I doubt they do. And using the unqualified word "believe" implies a level of certainty that nobody probably has. I also doubt that their "beliefs" are directly and decisively responsible to their decisions. They are responding to their daily environments and incentives.
Anyway, regardless of what they believe or of what their decision making processes are, the bottom line is that they're not doing anything effective to assure good behavior in the things they're building. That's the central point here. Their motivations are mostly an irrelevant side issue, and only might really matter if understanding them provided a path to getting them to modify their actions... which is unlikely.
When I say "literal fear of actual death", what I'm really getting at is that, for whatever reasons, these people ARE ACTING AS IF THAT RISK DID NOT EXIST WHEN IT IN FACT DOES EXIST. I'm not saying they do feel that fear. I'm not even saying they do not feel that fear. I'm saying they ought to feel that fear.
They are also ignoring a bunch of other risks, including many that a lot of them publicly claim they do believe are real. But they're doing this stuff anyway. I don't care if that's caused by what they believe, by them just running on autopilot, or by their being captive to Moloch. The important part is what they are actually doing.
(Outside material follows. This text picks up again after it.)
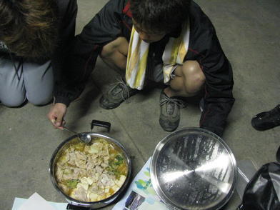 | ◆みんなして・・・ | ◆今夜は名大チャリ部特製キムチ鍋 |
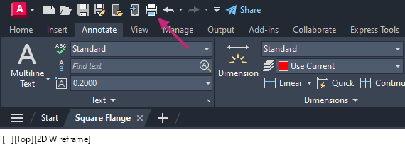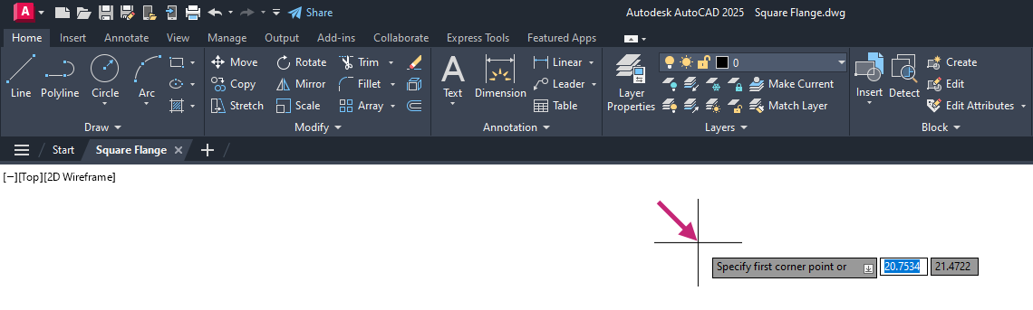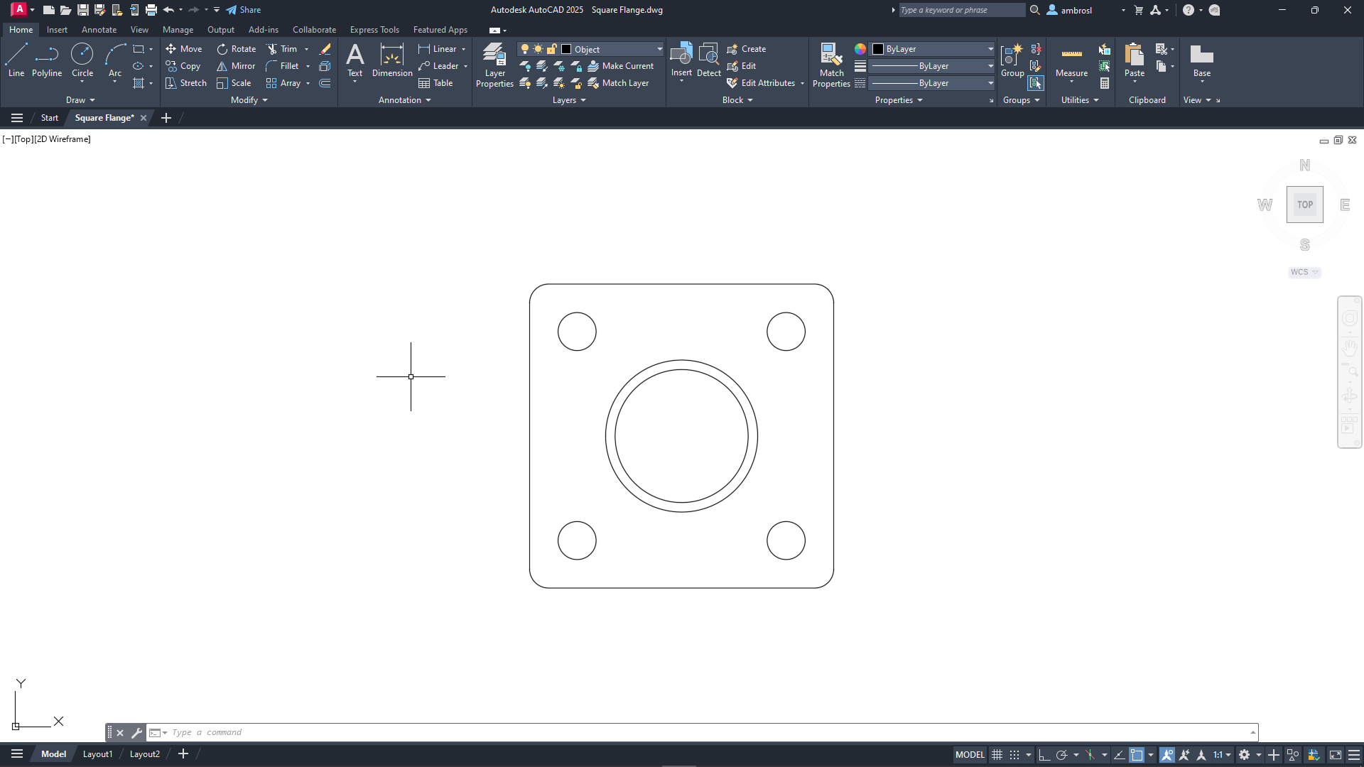 A new drawing file is created and named Square Flange in the Documents folder. Make sure you continue with this file for the remainder of the exercises.

... and, by the way, if they're going to keep doing that, it might be appropriate to remove their ability to act as "decision makers".
You may have noticed that a lot of people on here are concerned about AI going rogue and doing things like converting everything into paperclips. If you have no effective way of assuring good behavior, but you keep adding capability to each new version of your system, you may find yourself paperclipped. That's generally incompatible with life.
This isn't some kind of game where the worst that can happen is that somebody's feelings get hurt.
Literal fear of actual death?
I don't mean "assurance" in the sense of a promise from somebody to somebody else. That would be worthless anyway.
I mean "assurance" in the sense of there being some mechanism that ensures that the thing actually behaves, or does not behave in any particular way. There's nothing about the technology that lets anybody, including but not limited to the people who are building it, have any great confidence that it's behavior will meet any particular criterion of being "right". And even the few codified criteria they have are watered-down silliness.